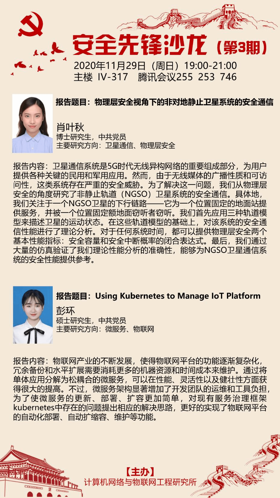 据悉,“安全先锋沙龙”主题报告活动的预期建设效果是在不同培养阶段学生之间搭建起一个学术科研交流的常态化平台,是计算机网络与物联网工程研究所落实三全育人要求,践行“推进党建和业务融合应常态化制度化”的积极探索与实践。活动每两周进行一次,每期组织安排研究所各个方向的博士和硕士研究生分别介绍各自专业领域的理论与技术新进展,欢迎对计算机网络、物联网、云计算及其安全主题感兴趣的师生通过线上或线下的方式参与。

------------------------

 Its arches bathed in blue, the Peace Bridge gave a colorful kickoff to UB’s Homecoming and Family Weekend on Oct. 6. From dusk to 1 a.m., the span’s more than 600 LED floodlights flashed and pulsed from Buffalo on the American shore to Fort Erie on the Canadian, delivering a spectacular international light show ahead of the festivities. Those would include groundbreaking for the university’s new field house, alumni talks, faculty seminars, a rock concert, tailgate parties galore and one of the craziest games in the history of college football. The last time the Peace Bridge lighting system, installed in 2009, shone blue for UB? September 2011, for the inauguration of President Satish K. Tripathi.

------------------------

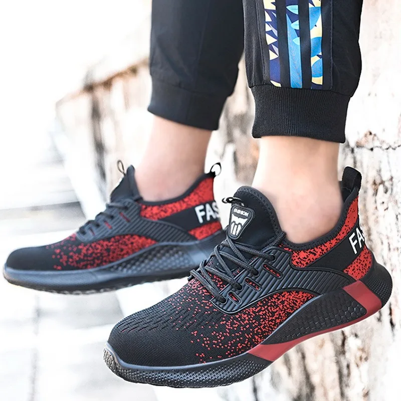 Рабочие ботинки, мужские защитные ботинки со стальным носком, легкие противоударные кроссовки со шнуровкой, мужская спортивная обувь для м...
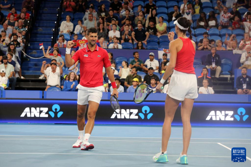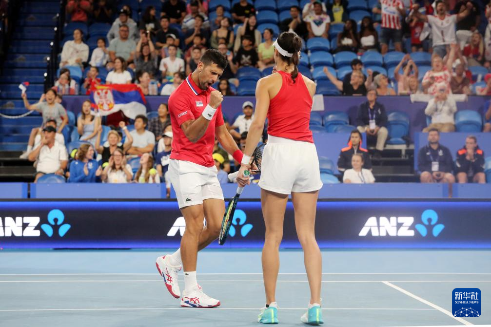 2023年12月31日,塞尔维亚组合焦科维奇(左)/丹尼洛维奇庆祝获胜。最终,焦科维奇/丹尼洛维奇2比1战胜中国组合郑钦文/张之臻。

------------------------

What is needed
In the listing above, find the line containing "Рабочие ботинки, мужские" and the line containing "2023年12月31日,塞尔"; print those lines and every line between them exactly, leaving out pictures.

Answer space
 Рабочие ботинки, мужские защитные ботинки со стальным носком, легкие противоударные кроссовки со шнуровкой, мужская спортивная обувь для м...
 2023年12月31日,塞尔维亚组合焦科维奇(左)/丹尼洛维奇庆祝获胜。最终,焦科维奇/丹尼洛维奇2比1战胜中国组合郑钦文/张之臻。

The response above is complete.